_Problem to solve_: Each entry should be given again exactly, with any image left out.

(Beginning of Provided records)

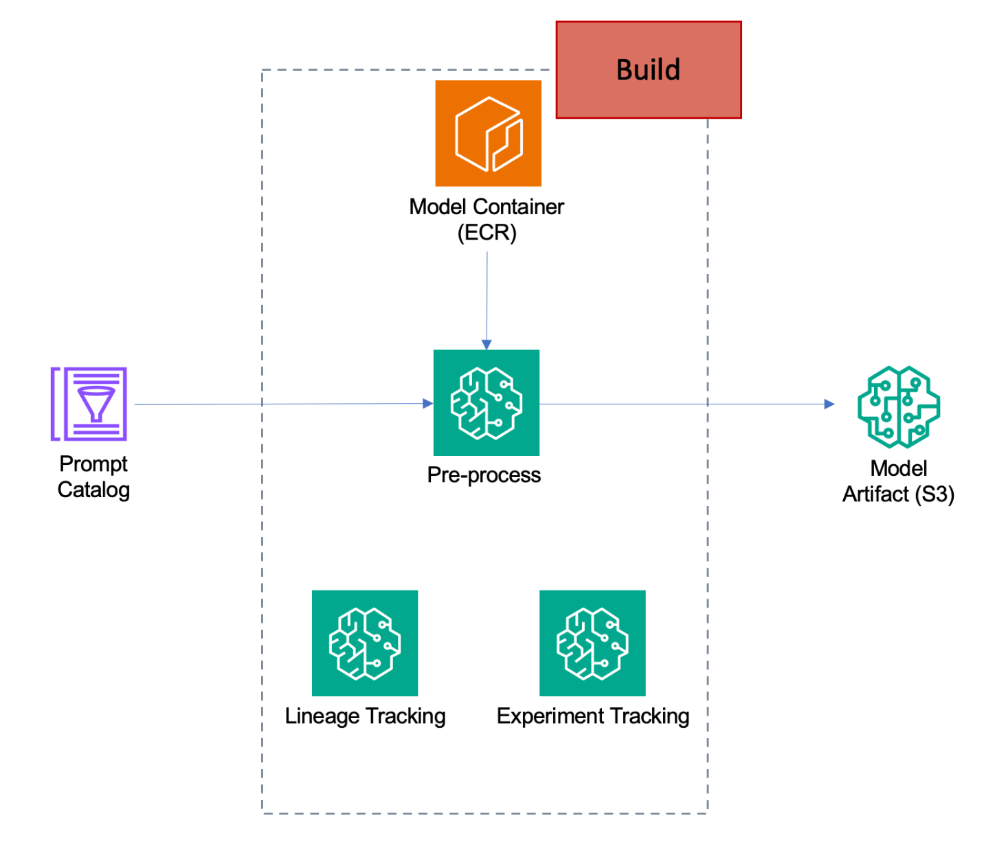 Figure 2. Architecture diagram of model for building. The major components are Amazon Elastic Container Registry (Amazon ECR) for container services, Amazon S3 for storage, and SageMaker. You also have different options to choose from for prompt catalog storage.
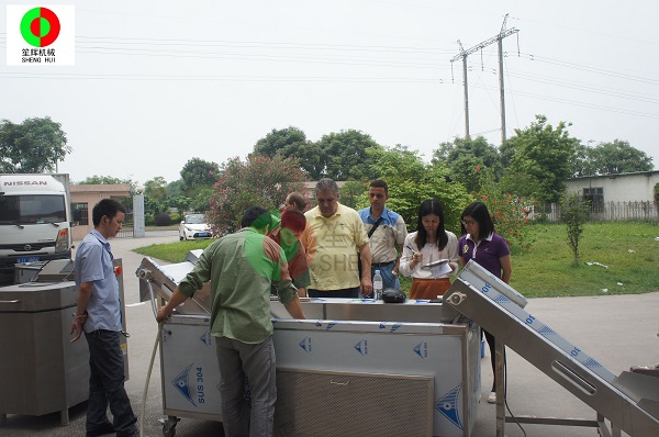 - 客戶(hù)來(lái)廠測(cè)試驗(yàn)貨果蔬清洗加工設(shè)備!
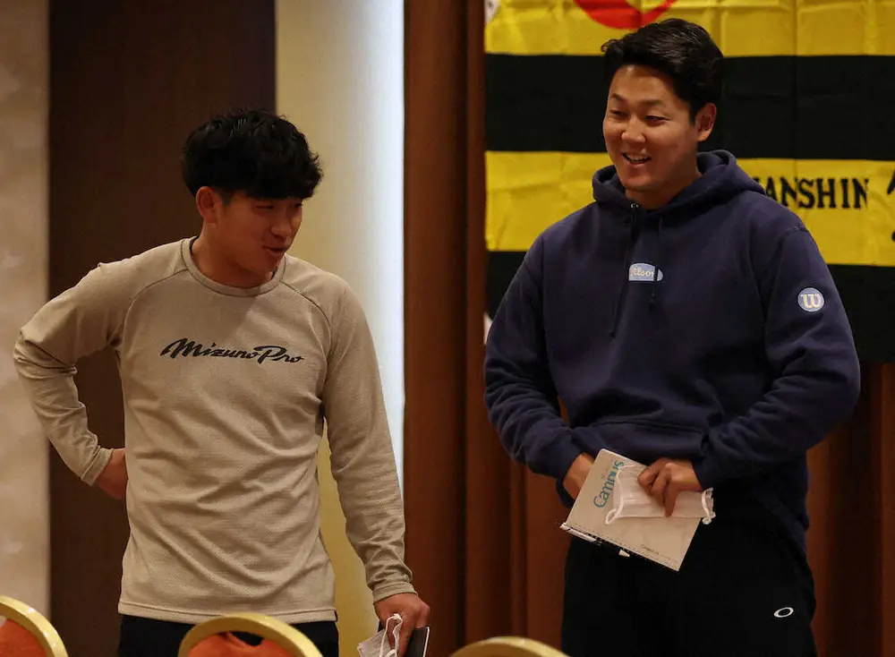 ミーティング会場に入り、談笑する阪神の伊原(左)と木下
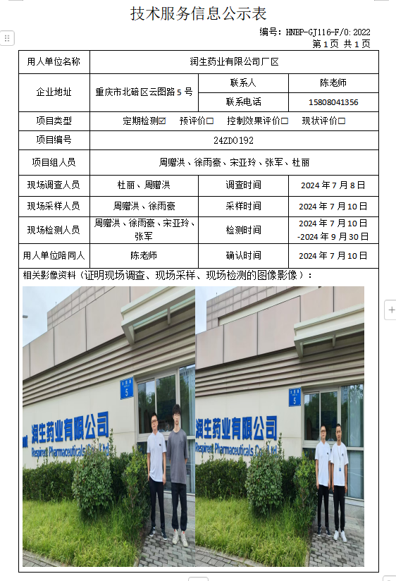 潤生藥業(yè)有限公司研發(fā)中心定期檢測項目公示
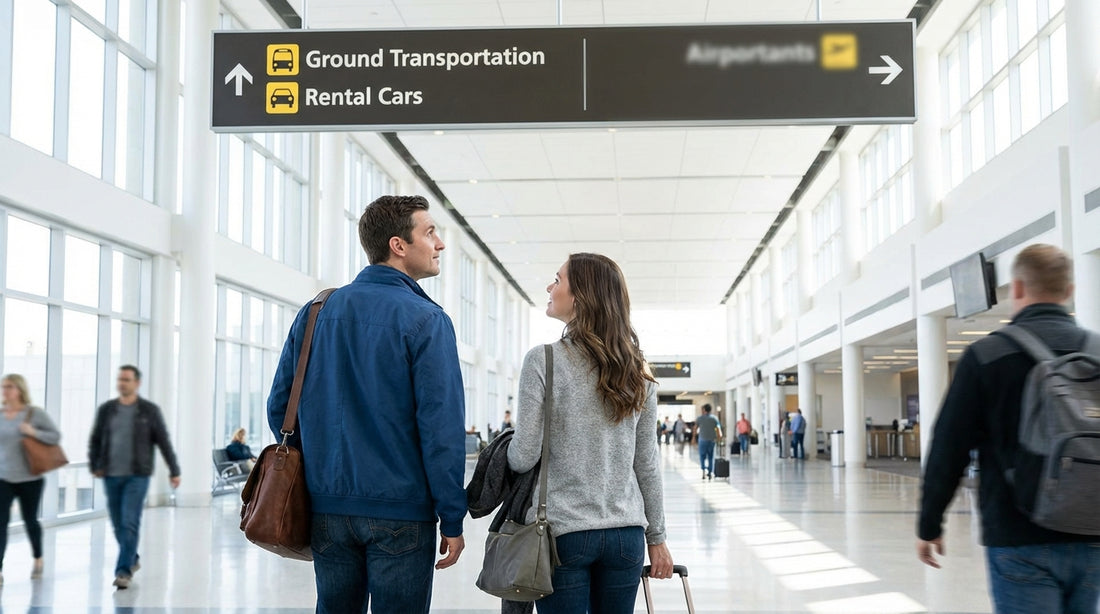 The steps below work for most arrivals, whether you land in a domestic terminal or on an international flight. The signage language is consistent, so focus on the words “Rental Car” and “Shuttles”, plus the ground transport pictograms.

(End of Provided records)

_Finished exercise_:
 Figure 2. Architecture diagram of model for building. The major components are Amazon Elastic Container Registry (Amazon ECR) for container services, Amazon S3 for storage, and SageMaker. You also have different options to choose from for prompt catalog storage.
 - 客戶(hù)來(lái)廠測(cè)試驗(yàn)貨果蔬清洗加工設(shè)備!
 ミーティング会場に入り、談笑する阪神の伊原(左)と木下
 潤生藥業(yè)有限公司研發(fā)中心定期檢測項目公示
 The steps below work for most arrivals, whether you land in a domestic terminal or on an international flight. The signage language is consistent, so focus on the words “Rental Car” and “Shuttles”, plus the ground transport pictograms.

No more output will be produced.